A rare disorder primarily involving the skin with the fibrosis in patients with renal failure, especially those on long-term hemodialysis.
Fibrosis may be systemic and extend to muscle, heart, and lung.
Always occurs in patients with renal insufficiency who have had imaging studies.
In patients with severely compromised kidney function, there is a progressive accumulation of gadolinium in skin tissues over time, even in the absence of additional gadolinium based contrast agents, suggesting mobilization from tissue reservoirs such as bone.
Dechelation, the process of disassociation of the gadolinium from the organic ligand is thought to play a role in the disease.
Patients should be screened for acute and chronic kidney disease prior to contrast enhanced MRI.
May be associated with gadolinium contrast agents utilized in MRI enhancements.
Gadolinium can be found in tissue of nephrogenic systemic fibrosis.

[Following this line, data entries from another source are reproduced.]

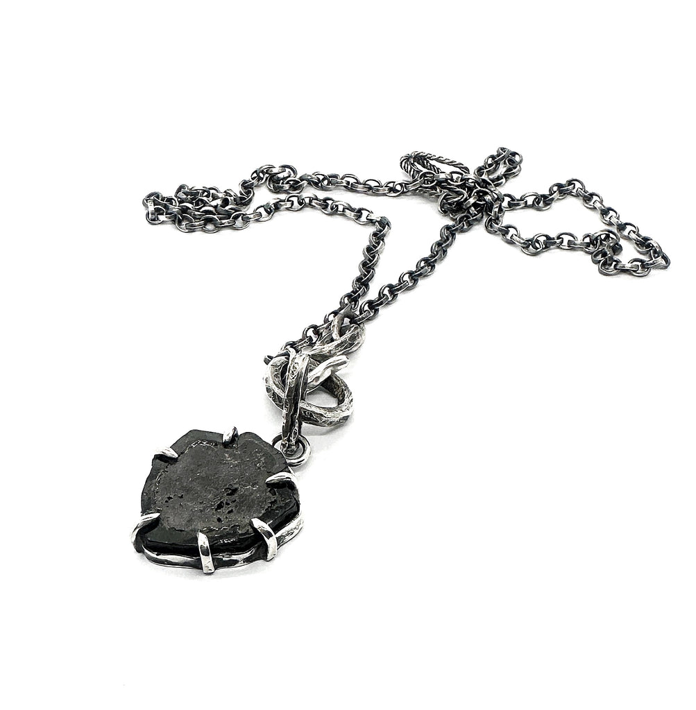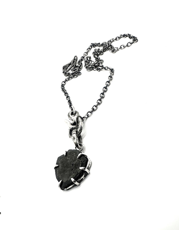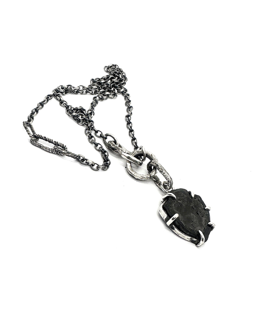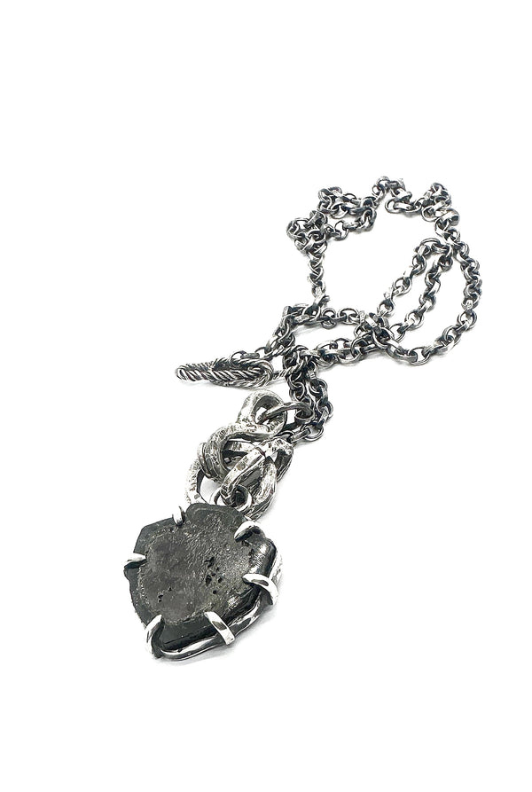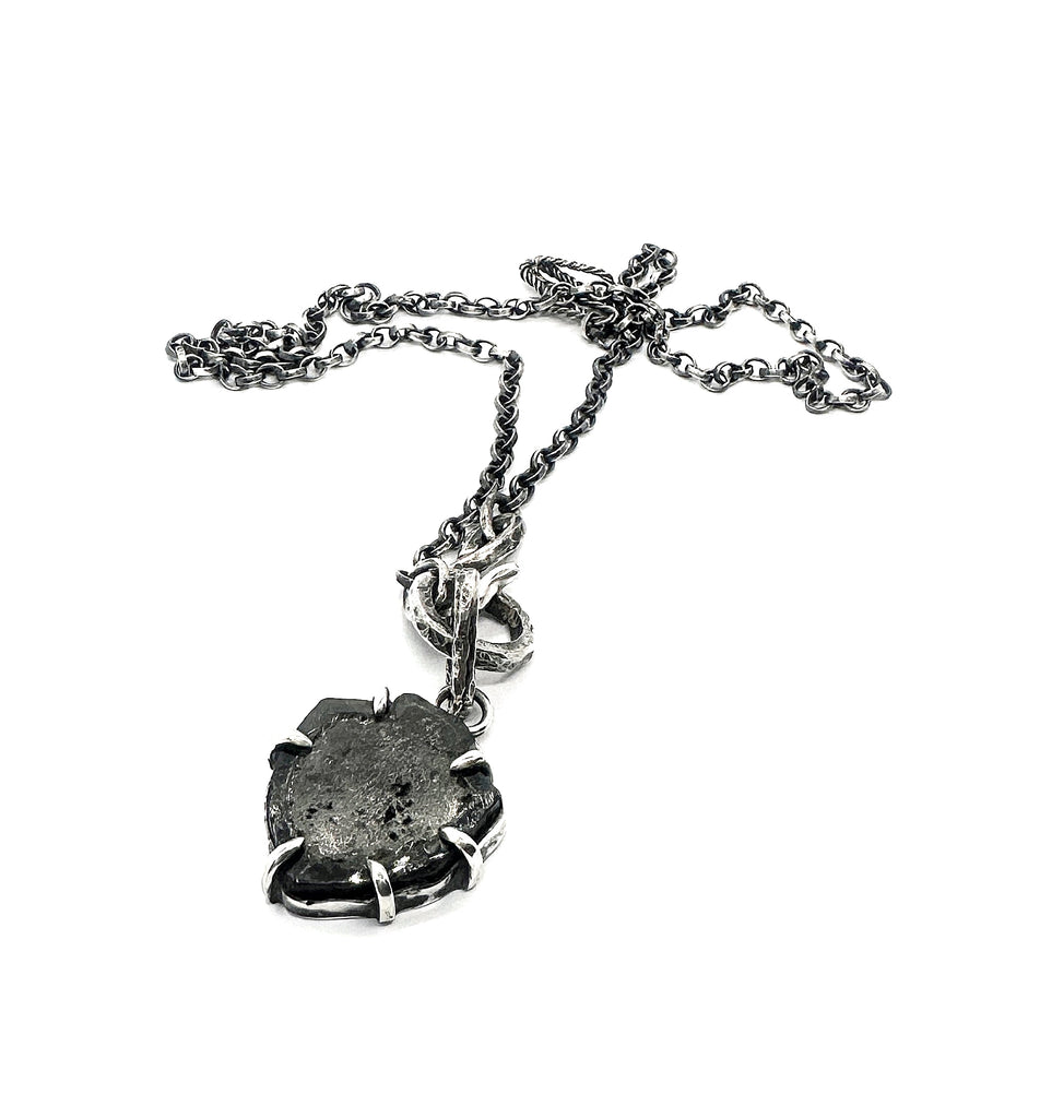 Industrial and avant-garde, this pendant balances fragility and force in equal measure.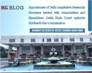 Delhi High Court: In a petition filed by the petitioner under Article 226 of Constitution seeking quashing the impugned order dated 06-12-2013 passed by State thereby terminating Petitioner (Secretary, Delhi Legislative Assembly) from his service and holding all his appointments in Delhi Legislative Assembly, illegal and thereby relieving the petitioner from the post of secretary, Delhi Legislative Assembly, Chandra Dhari Singh, J., held that the appointment of the petitioner is in the teeth of law and cannot be saved and thus, cannot be termed as illegal.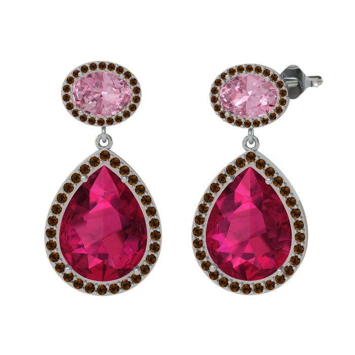 Rodolit garnet, pembe kuvars ve dumanlı kuvars 8 ayar beyaz altın küpe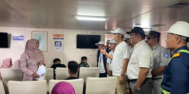 BANDA ACEH — Sekretaris Daerah (Sekda) Aceh, Muhammad Nasir, menyapa langsung para pemudik tujuan Kota Sabang di atas kapal motor penyeberangan KMP Aceh Hebat 2 di Pelabuhan Ulee Lheue, Rabu (18/3/2026), sesaat sebelum kapal bertolak.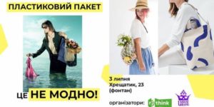 Зокрема, 3-го липня громадська організація «ReThink» та Національний конкурс краси “Міс Україна” проведуть акцію “Пластиковий пакет – це не модно”, щоб привернути увагу до бездумного та надмірного використання поліетиленових пакетів в Україні.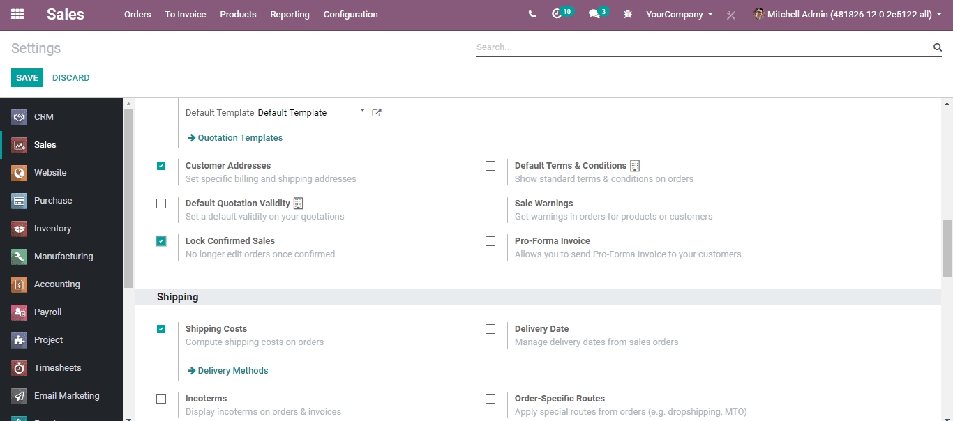 Go to SALES > Configuration > Settings and activate the Pro-Forma Invoice feature.
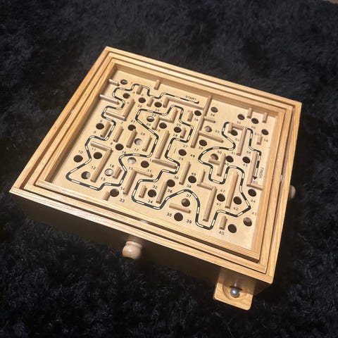 Kuvan käytetty ja ehyt labyrintti, kaksi kuulaa mukana. Puurunkoinen. Koko noin 33 x 29 x 8,5 cm.
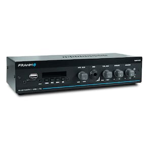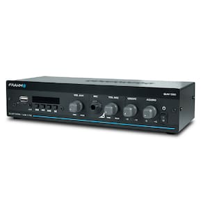 O amplificador Slim 1000 App G5 da Frahm possui 40 Watts RMS de potência e é ideal para pequenos ambientes. Possui entradas USB, SD Card, auxiliar (RCA), Microfone, Rádio FM e Bluetooth.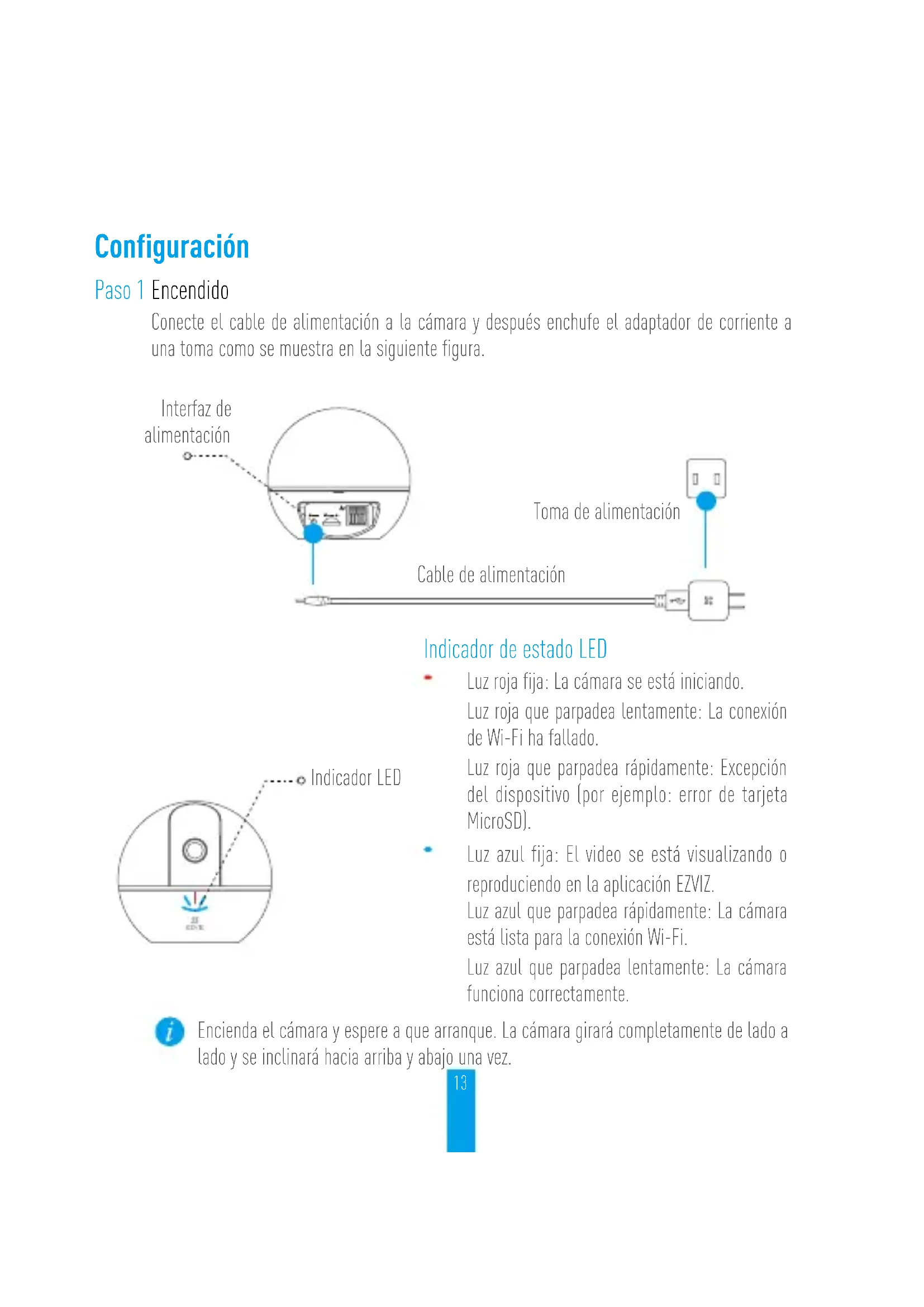 verbunden war, verbindet sie sich automatisch wieder mit diesem WLAN.12 Anhang Lieferumfang 1x Kamera 1x Montagefuß 1x Stromkabel 1x Bohrschablone 1x Schraubensatz 1x Netzteil 1x Kurzanleitung13 Configuración Paso 1 Encendido Conecte el cable de alimentación a la cámara y después enchufe el adaptador de corriente a una toma como se muestra en la siguiente figura. Toma de alimentación Interfaz de alimentación Cable de alimentación Indicador de estado LED Luz roja fija: La cámara se está iniciando. Luz roja que parpadea lentamente: La conexión de Wi-Fi ha fallado. Luz roja que parpadea rápidamente: Excepción del dispositivo (por ejemplo: error de tarjeta MicroSD). Luz azul fija: El video se está visualizando o reproduciendo en la aplicación EZVIZ. Luz azul que parpadea rápidamente: La cámara está lista para la conexión Wi-Fi. Luz azul que parpadea lentamente: La cámara funciona correctamente. Indicador LED Encienda el cámara y espere a que arranque. La cámara girará completamente de lado a lado y se inclinará hacia arriba y abajo una vez.14 Paso 2 Configuración de la cámara

Resembles scleroderma and eosinophilic fasciitis clinically and scleromyxedema histopathologically.
May develop large areas of indurated skin with fibrotic nodules and plaques.
Flexion contractures may limitation of range of motion.
Some patients have never undergone dialysis and others have received only peritoneal dialysis.
Histopathologically has a proliferation of dermal fibroblasts and dendritic cells, thickened collagen bundles, increased elastic fibers, and mucin deposition.
More than 90% of proven nephrogenic systemic fibrosis cases are related to gadolinium.
Only seen in patients with severe renal insufficiency,
Resembles eosinophilia-myalgia syndrome.
Only tiny concentrations of gadolinium are needed to stimulate hyaluronan synthesis by fibroblasts.
Anticardiolipin or antiphospholipid antibodies are common in patients with nephrogenic systemic fibrosis.
The incidence of nephrogenic systemic fibrosis is 4.3 cases per 1000 patient-years.
Each radiologic study using gadolinium presents a 2.4% risk for developing nephrogenic systemic fibrosis.
Associated with increased morbidity and mortality.
Many patients become dependent on a wheelchair because of contractures within weeks to months of disease onset.
Patients may report pruritus and/or causalgia.
No racial or sexual prediliction.
Reported in all age groups.
Not correlated with the duration of renal failure.
May be associated with abnormal calcium metabolism and calciphylaxis.
Some patients have known concurrent liver disease, hepatitis C and/or neoplasia.
May have associated hypercoaguable state.
Manifests with induration, thickening, and hardening of the skin with hyperpigmentation.
Peau d’orange appearance may be present.
The skin is often shiny and hard.
Extremities are the most common areas of involvement, followed by the trunk.
Debilitating and sometimes fatal.
Differential diagnosis includes: Calciphylaxis, cellulitis, morphea, dermatofibrosarcoma protuberans, eosinophilia-myalgia syndrome, systemic sclerosis, granuloma annulare, and amyloidosis.
Skin biopsy should be performed for diagnostic purposes.
Rarely partial or complete spontaneous resolution have been reported.
Extracorporeal photopheresis is the best treatment modality.
Cases have reportedly responded to high-dose intravenous immunoglobulins, UV light treatment, alpha interferon, plasmapheresis,intravenous thiosulfate and corticosteroids.
Kidney transplantation may cause resolution of lesions.
No therapy has been effective and renal transplantation may be the best option.